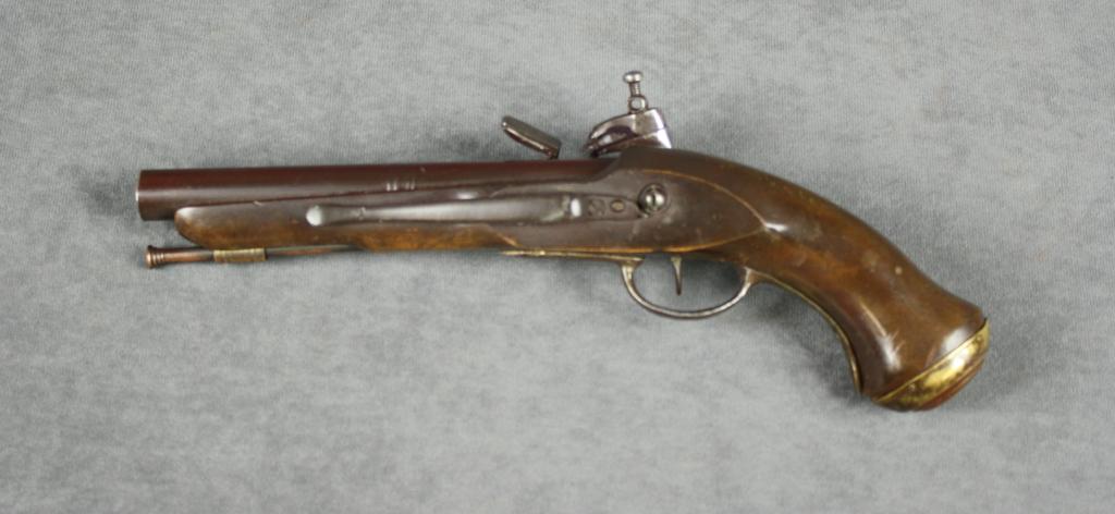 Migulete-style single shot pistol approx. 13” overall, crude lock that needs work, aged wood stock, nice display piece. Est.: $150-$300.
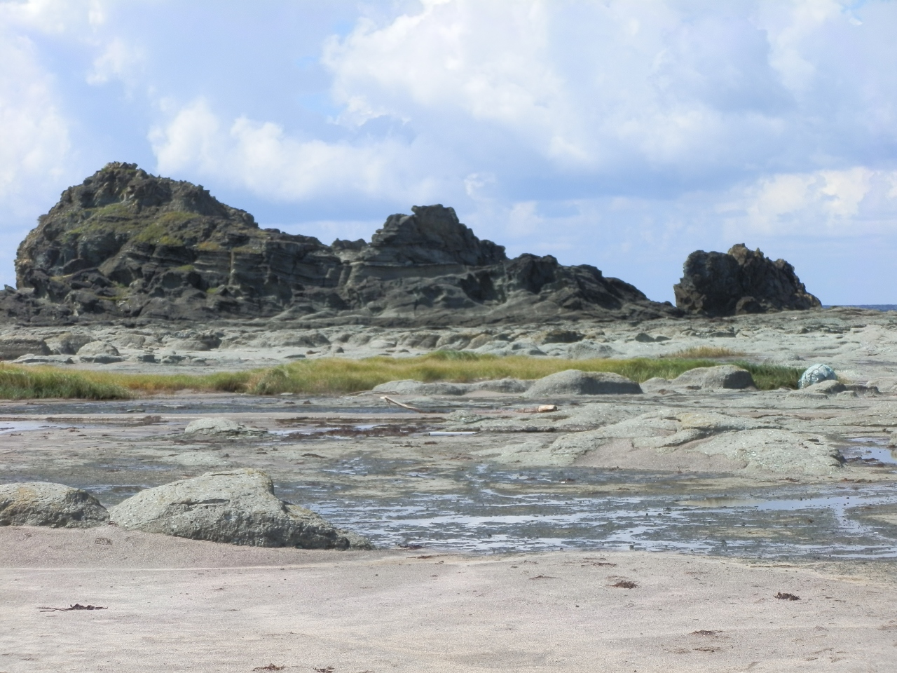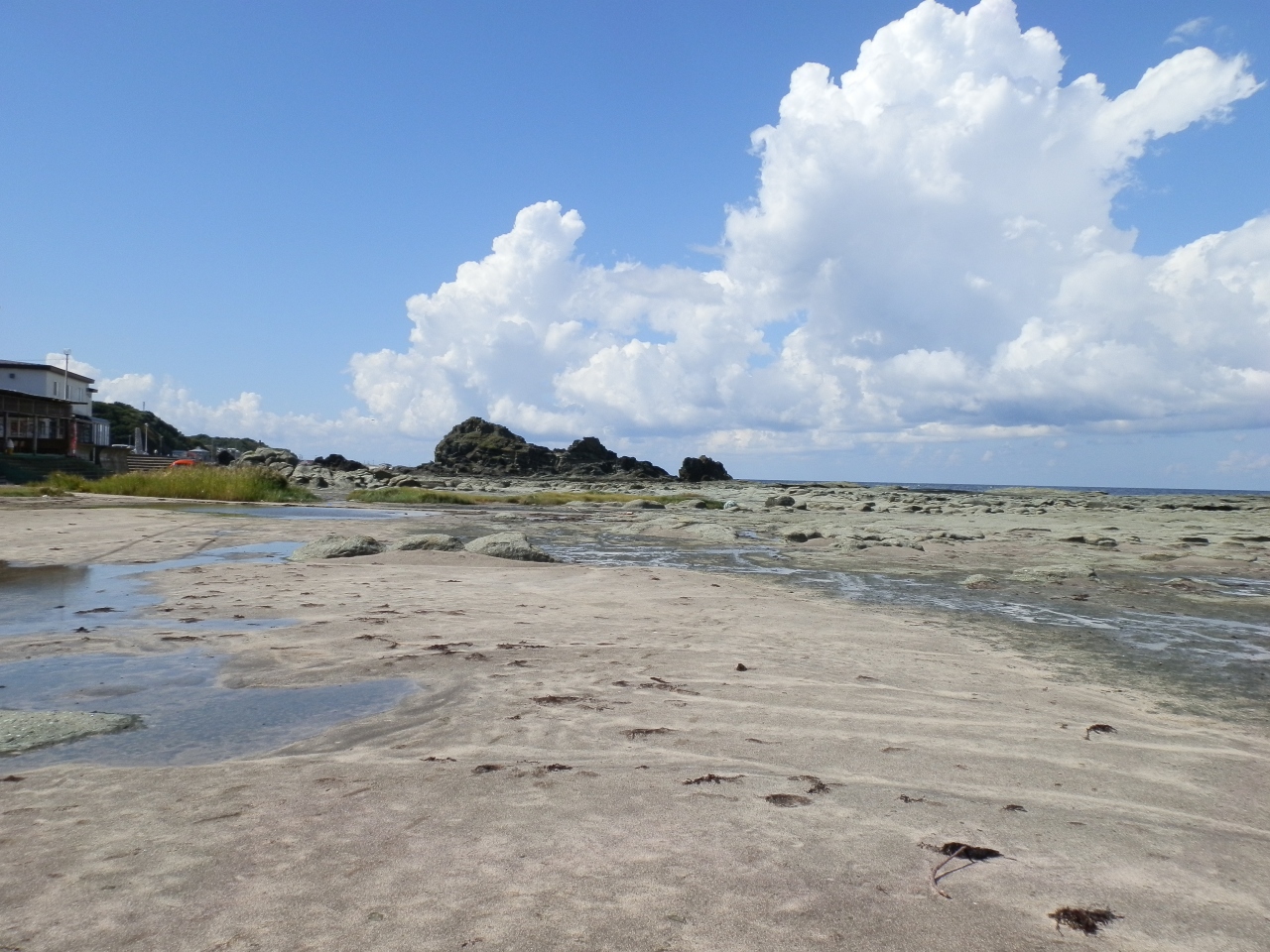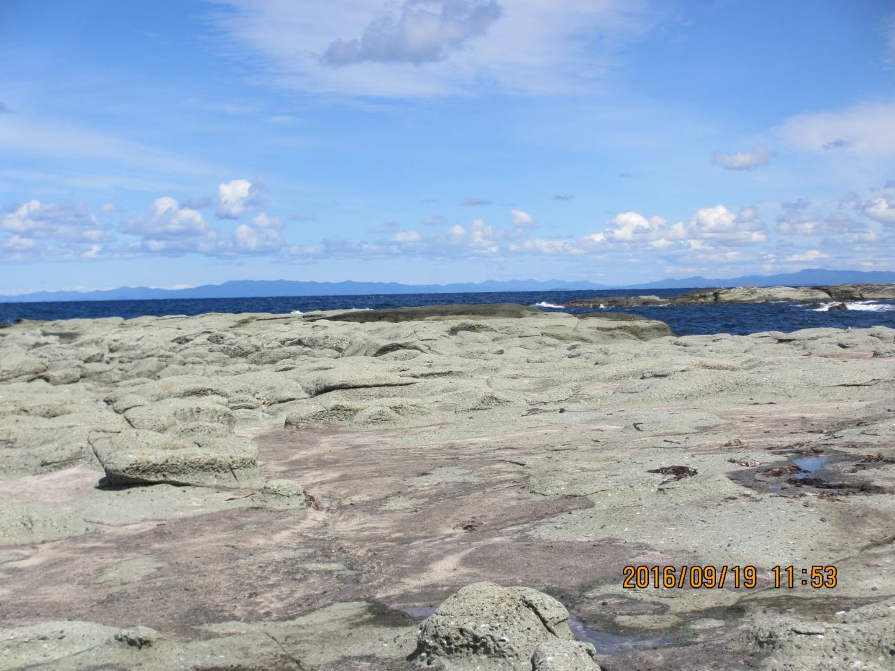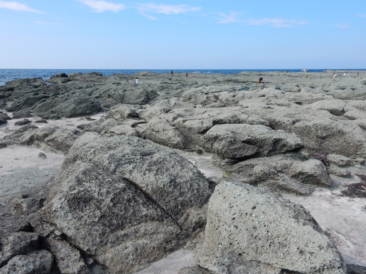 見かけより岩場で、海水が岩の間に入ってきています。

...

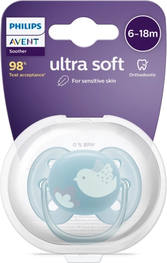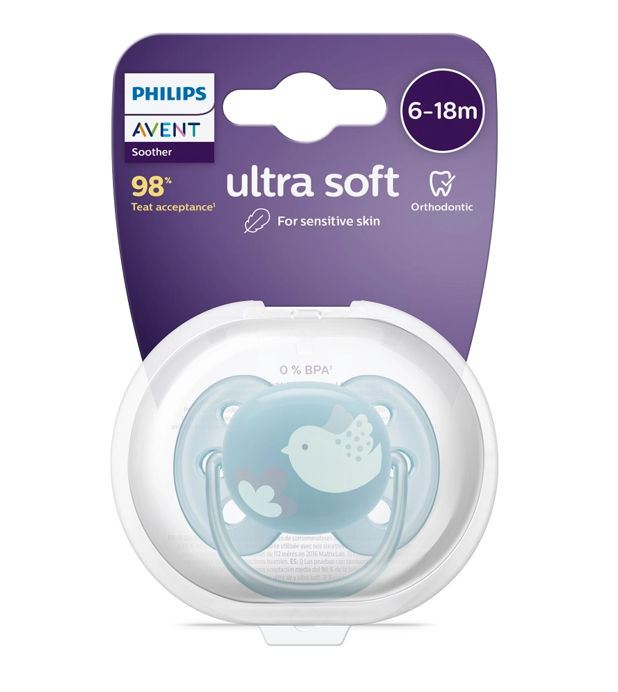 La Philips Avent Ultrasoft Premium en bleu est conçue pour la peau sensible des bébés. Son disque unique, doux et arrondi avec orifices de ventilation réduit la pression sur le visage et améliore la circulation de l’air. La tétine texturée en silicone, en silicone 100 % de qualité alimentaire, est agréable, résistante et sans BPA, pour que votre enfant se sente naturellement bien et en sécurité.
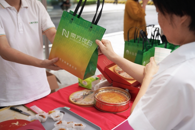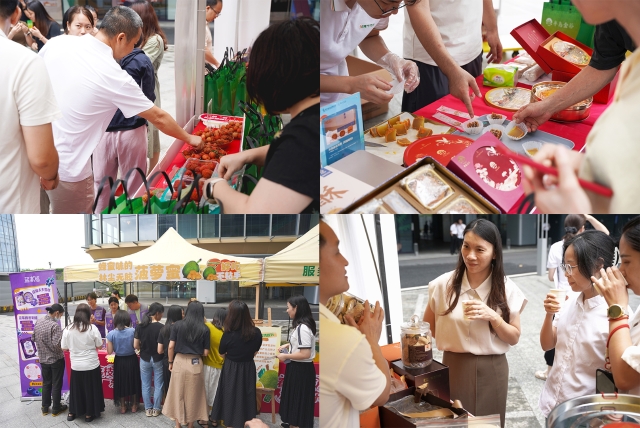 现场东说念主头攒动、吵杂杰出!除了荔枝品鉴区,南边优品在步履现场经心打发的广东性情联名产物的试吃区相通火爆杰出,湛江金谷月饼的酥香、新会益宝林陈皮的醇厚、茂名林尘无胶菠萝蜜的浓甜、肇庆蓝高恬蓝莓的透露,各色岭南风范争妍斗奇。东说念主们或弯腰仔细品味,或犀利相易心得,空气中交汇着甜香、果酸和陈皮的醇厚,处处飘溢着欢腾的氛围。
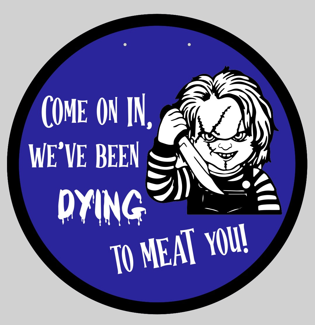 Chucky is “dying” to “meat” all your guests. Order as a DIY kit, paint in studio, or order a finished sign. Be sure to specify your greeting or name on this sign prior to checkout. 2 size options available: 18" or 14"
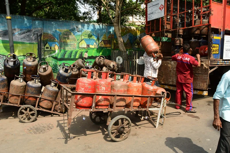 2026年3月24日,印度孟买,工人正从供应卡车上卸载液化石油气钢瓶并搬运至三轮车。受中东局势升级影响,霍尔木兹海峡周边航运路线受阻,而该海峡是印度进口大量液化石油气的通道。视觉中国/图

==

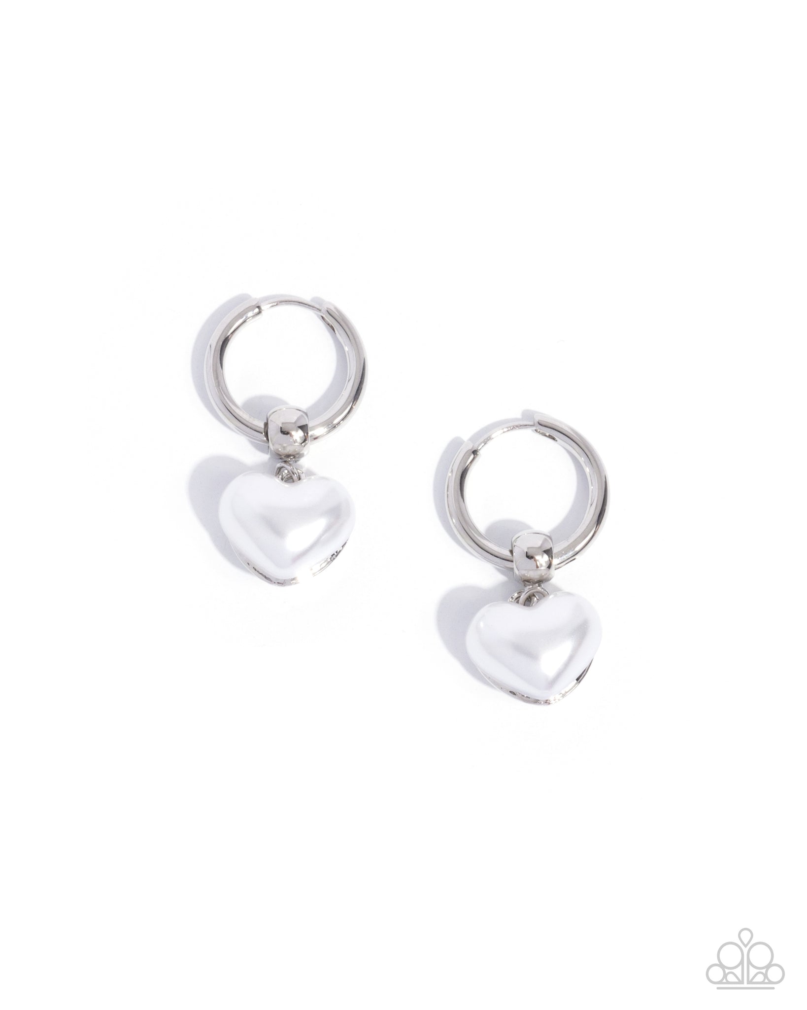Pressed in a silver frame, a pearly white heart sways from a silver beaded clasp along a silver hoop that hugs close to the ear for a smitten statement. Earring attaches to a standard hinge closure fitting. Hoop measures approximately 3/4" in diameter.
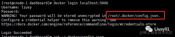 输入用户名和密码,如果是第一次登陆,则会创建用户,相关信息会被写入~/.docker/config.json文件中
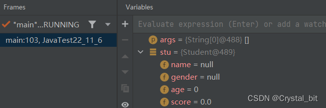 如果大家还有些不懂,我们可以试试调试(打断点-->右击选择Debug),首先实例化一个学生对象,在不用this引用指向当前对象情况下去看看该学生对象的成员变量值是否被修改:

» **Exercise objective**: What to print is the stretch of entries from the line with "La Philips Avent" up to and including the line with "现场东说念主头攒动、吵杂杰出". Please print it exactly and leave out the pictures.

» **Answer area**:
 La Philips Avent Ultrasoft Premium en bleu est conçue pour la peau sensible des bébés. Son disque unique, doux et arrondi avec orifices de ventilation réduit la pression sur le visage et améliore la circulation de l’air. La tétine texturée en silicone, en silicone 100 % de qualité alimentaire, est agréable, résistante et sans BPA, pour que votre enfant se sente naturellement bien et en sécurité.
 现场东说念主头攒动、吵杂杰出!除了荔枝品鉴区,南边优品在步履现场经心打发的广东性情联名产物的试吃区相通火爆杰出,湛江金谷月饼的酥香、新会益宝林陈皮的醇厚、茂名林尘无胶菠萝蜜的浓甜、肇庆蓝高恬蓝莓的透露,各色岭南风范争妍斗奇。东说念主们或弯腰仔细品味,或犀利相易心得,空气中交汇着甜香、果酸和陈皮的醇厚,处处飘溢着欢腾的氛围。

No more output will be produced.